Alternative forms of distribution can be used as well. The Web
server can also perform the function of obtaining personal details
including the email id of the user who downloads the software for
the purpose of sending him a software activation password. The Web
server forwards the email id to the public encryption key server
(1018) for registration. These operations can be implemented using
methods known to those having ordinary skill in the art.
[0040] One example of a registration process is illustrated in FIG.
3. There, an ID, (an e-mail id) is obtained and checked for any
error or redundancy (or both) (3002) from a first database of
previous users who have already registered their public keys with
the system. In another embodiment, in the absence of an error, such
as redundancy, the ID is checked with a second database that
contains the IDs of users who have registered their IDs but not
their public keys. The entries of this second database can have an
expiration period (e.g., an expiration period of 2 days) after
which the redundancy does not matter. If there is an absence of
redundancy (3004) here too, the ID is added to the first database
and an activation password, e.g., a random string, is generated and
returned by the public encryption key server (3006). Otherwise an
error is returned (3008). These operations can be implemented using
methods known to those having ordinary skill in the art.
[0041] In one embodiment, the above-mentioned client software
includes a first module having suitable programming code and
scripts that aid in the generation of a key pair using a suitable
public key cryptographic algorithm. In some embodiments, the
software includes a suitable module for initiating and carrying
through the registration of the key pair generated by first module.
Also, in one embodiment, the second module is responsible for
obtaining a Numeric Id. from the secure public encryption key
server (1018), which is also the Numeric Id. associated with the
public key of the key pair. In another embodiment, a third module
assumes the role of a client whenever the public encryption key
server (1018) is tasked to provide a public key associated with the
Numeric Id. In some embodiments of the invention, such requisition
is required. These operations can be implemented using methods
known to those having ordinary skill in the art.
[0042] One example of the operation of the second software module
is illustrated in the FIG. 4 as a flow diagram. The first module
generates a key pair, e.g., a 1024-bit RSA key pair, and a session
key, e.g., a 256-bit AES random session key to protect the private
key just generated (4002). The encrypted private key is stored in a
file (4004). For ease of recognition and usage, the private key
file may follow a naming convention that includes the Numerical Id
with which it is associated. On completion of this step, the module
proceeds to compute a digital signature of the public key (4006).

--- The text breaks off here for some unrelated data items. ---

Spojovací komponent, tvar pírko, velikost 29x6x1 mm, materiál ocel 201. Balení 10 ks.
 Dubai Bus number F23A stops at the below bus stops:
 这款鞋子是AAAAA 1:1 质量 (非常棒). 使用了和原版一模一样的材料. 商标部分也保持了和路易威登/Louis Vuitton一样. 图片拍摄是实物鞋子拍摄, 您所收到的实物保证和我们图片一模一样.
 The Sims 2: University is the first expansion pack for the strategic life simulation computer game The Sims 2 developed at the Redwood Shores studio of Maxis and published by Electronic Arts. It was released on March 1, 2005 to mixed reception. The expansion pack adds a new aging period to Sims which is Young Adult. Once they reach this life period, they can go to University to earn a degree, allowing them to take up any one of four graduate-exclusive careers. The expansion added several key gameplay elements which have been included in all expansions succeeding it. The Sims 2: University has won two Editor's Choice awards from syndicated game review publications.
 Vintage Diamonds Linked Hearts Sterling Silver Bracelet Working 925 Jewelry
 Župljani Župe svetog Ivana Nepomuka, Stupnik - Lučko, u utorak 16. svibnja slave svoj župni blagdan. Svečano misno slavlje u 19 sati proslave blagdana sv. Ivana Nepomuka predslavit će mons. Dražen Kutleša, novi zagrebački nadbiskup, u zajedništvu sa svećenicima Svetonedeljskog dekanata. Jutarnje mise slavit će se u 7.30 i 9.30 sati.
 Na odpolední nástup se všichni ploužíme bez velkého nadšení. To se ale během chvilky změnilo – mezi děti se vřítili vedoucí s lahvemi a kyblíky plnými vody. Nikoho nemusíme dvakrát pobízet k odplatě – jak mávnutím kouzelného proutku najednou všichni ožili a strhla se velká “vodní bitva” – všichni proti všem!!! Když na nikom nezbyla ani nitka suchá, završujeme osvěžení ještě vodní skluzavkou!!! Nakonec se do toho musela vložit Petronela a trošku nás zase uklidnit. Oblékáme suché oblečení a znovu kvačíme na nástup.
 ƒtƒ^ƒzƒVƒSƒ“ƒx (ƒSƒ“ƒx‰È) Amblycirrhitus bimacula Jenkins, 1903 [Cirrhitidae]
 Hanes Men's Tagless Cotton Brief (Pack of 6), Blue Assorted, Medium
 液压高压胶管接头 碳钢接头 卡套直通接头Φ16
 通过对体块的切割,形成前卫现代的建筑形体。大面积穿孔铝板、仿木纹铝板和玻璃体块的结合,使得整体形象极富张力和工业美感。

In one embodiment, the public key is also written to a file that
follows a naming convention that includes the Numerical Id with
which the public key is associated. This is being done to ensure
that there would be no man-in-the-middle sort of foul play during
the registration process. Next, merging (4008) of the public key,
public key length, signature length, public key signature, and
activation password takes place. The resultant string is held in
the memory module of the computing system. This string can also
include additional header information including optionally a code
to identify the function requested by the computing system from the
public encryption key server, the application id of the first
software module, the major version number of the second software
module, the minor version of the second software module, the
application id of any other software module that may be added as an
upgrade to the current system, the module's major version, and the
said module's minor version. Once the public key is thus prepared
for registration, the second module takes over to communicate with
the public encryption key server (1018). These operations can be
implemented using methods known to those having ordinary skill in
the art.
[0043] In one embodiment, the second module sends a request to the
public encryption key server (1018) with a string for registration.
On reception of the response string from the public encryption key
server, which contains the Numerical Id and the public key, both
digitally signed using the private key of the public encryption key
server, the second module verifies the digital signature by
performing a decryption operation using the public encryption key
server's public key. If the signature is verified, then the public
key of the user is compared with the public key already written to
the file. On reception of the request from the computing system by
the public encryption key server, the module preprocesses the
request to check the identification code of the string to determine
the function to be performed. If the code indicates that the
function to be performed is public key registration, then the
signature of the public key is first extracted and verified using
the public key. The public key is then checked for redundancy in a
third database 21b which contains all public keys registered thus
far with the public encryption key server. If there is a
redundancy, then an error is returned to the computing system which
initiated the conversation for a regeneration of key pair.
Otherwise, a Numerical Id is generated to represent the public key.
This Numerical id is generated in sequence starting from a
particular number. For ease of management, there can be more than
one starting number to represent different groups of Numerical Ids.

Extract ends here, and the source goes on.